#python #input #snakemake
Вопрос:
Я пытаюсь создать простой рабочий процесс создания змеи, и у меня возникли некоторые проблемы. В моем файле возникают следующие ошибки:
MissingInputException in line 29 of /home/agalvez/data/workflow-workshop/test/Snakefile: Missing input files for rule hmm: hmmsearch --tblout output_tblout_egf --noali -E 99 MissingInputException in line 49 of /home/agalvez/data/workflow-workshop/test/Snakefile: Missing input files for rule create_archive: output/EP00771_Trimastix_marina.out output/EP00759_Prokinetoplastina_sp_PhF-6.out
Это первый раз, когда я пытаюсь использовать Snakemake или что-либо, связанное с Python, поэтому я не понимаю, почему это не удается. Любая помощь была бы очень признательна. Заранее спасибо!

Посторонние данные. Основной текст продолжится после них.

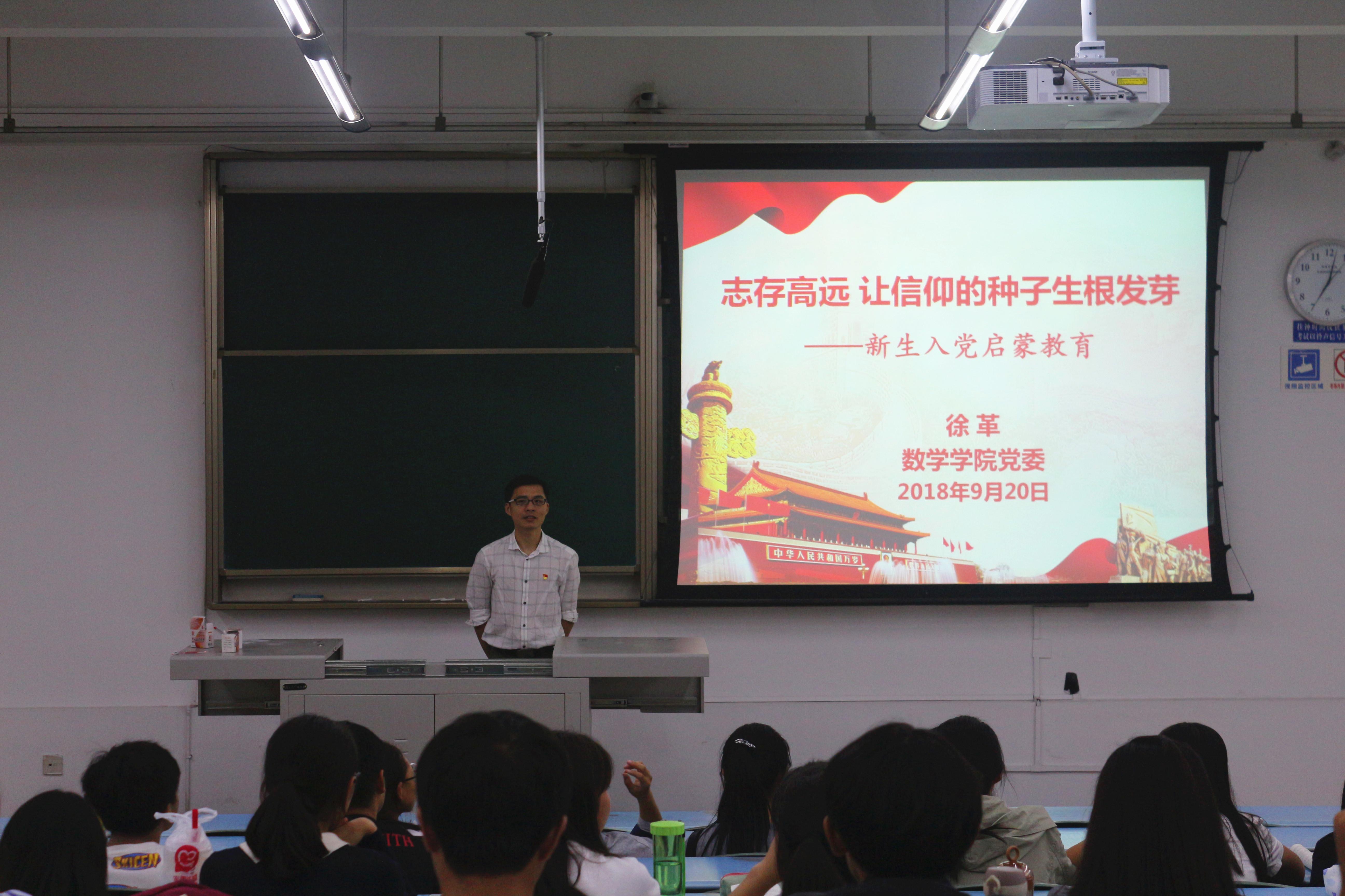 9月20日晚上七点,数学公司党委书记徐革为2018级全体本科生开展了以“志存高远,让信仰的种子生根发芽”为主题的入党启蒙专题讲座,公司党委副书记杨育鸿和18级辅导员钟义婷也到场聆听了本次讲座。
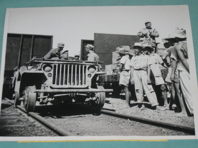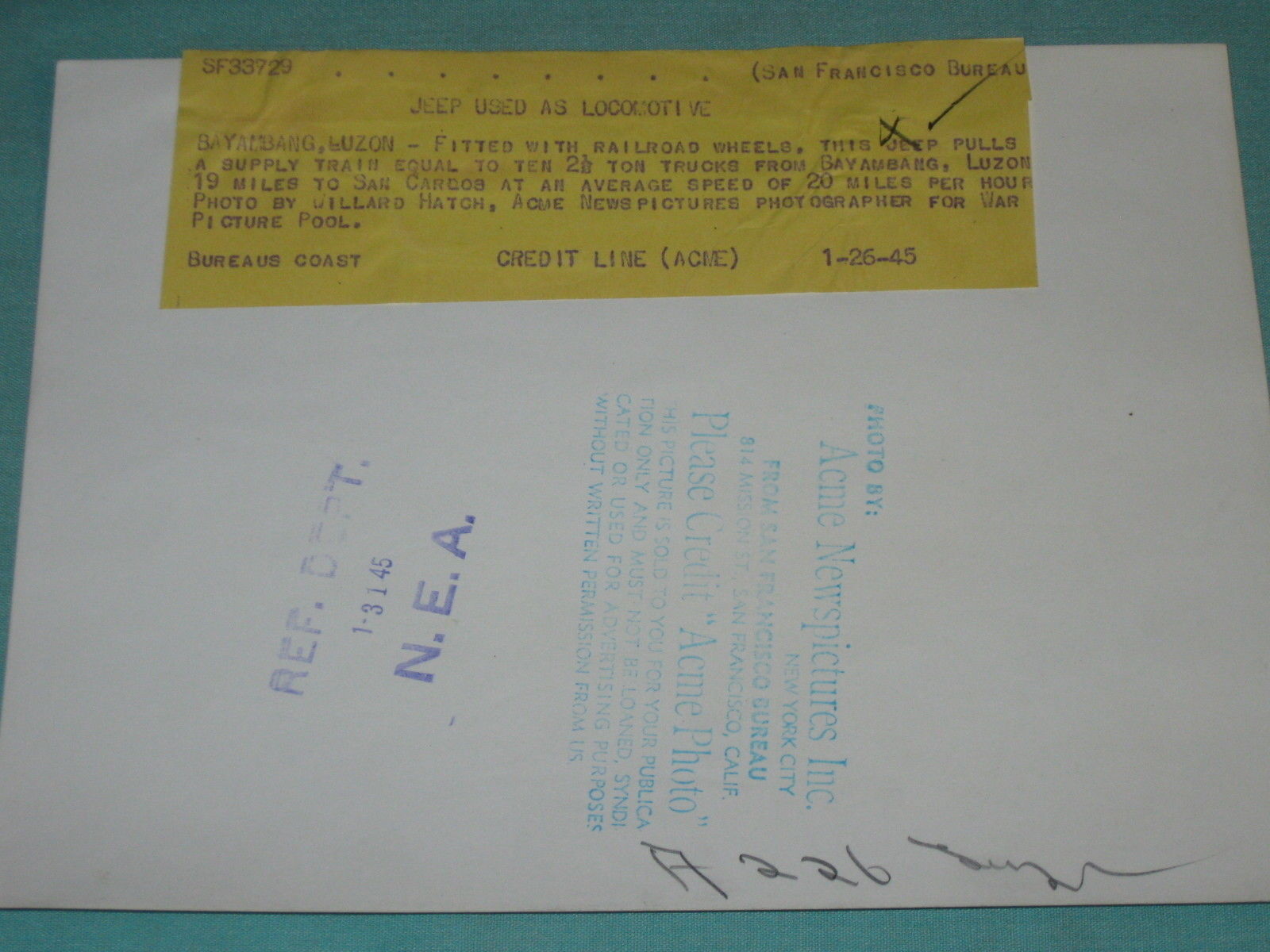 “Original WWII press photo of American GIs using Jeep fitted with railroad wheels as a locomotive to pull supply train on Luzon, Philippines, 1/25/1945.”

ARCHIVE_FILE = 'output.tar.gz' # a single output file OUTPUT_FILE = 'output/{species}.out' # a single input file INPUT_FILE = 'proteins/{species}.fasta' # Build the list of input files. INP = glob_wildcards(INPUT_FILE).species print(INP) # The list of all output files OUT = expand(OUTPUT_FILE, species=INP) print(OUT) # pseudo-rule that tries to build everything. # Just add all the final outputs that you want built. rule all: input: ARCHIVE_FILE # hmmsearch rule hmm: input: cmd='hmmsearch --tblout output_tblout_egf --noali -E 99', species=INPUT_FILE , hmm='hmm/EGF.hmm' output: OUTPUT_FILE shell: '{input.cmd} {input.hmm} {input.species} {output}' # hmmsearch #rule hmm: # shell: 'hmmsearch --tblout output_tblout_egf --noali -E 99 hmm/EGF.hmm INPUT_FILE OUTPUT_FILE' # create an archive with all results rule create_archive: input: OUT output: ARCHIVE_FILE shell: 'tar -czvf {output} {input}'
Ответ №1:
У тебя есть:
rule hmm: input: cmd='hmmsearch --tblout output_tblout_egf --noali -E 99', species=INPUT_FILE , hmm='hmm/EGF.hmm' output: OUTPUT_FILE shell: '{input.cmd} {input.hmm} {input.species} {output}'
cmd
это строка, содержащая команду, а не входной файл, отсюда и ошибка. Может быть, вы хотите чего-то подобного:
rule hmm: input: species=INPUT_FILE , hmm='hmm/EGF.hmm' output: OUTPUT_FILE, params: cmd='hmmsearch --tblout output_tblout_egf --noali -E 99', shell: '{params.cmd} {input.hmm} {input.species} {output}'
Комментарии:
1. Отлично! Это решило проблемы с ошибками! Спасибо вам за помощь! Теперь у меня есть проблемы с hmmsearch, но я думаю, что они не имеют никакого отношения к Snakemake. Большое спасибо!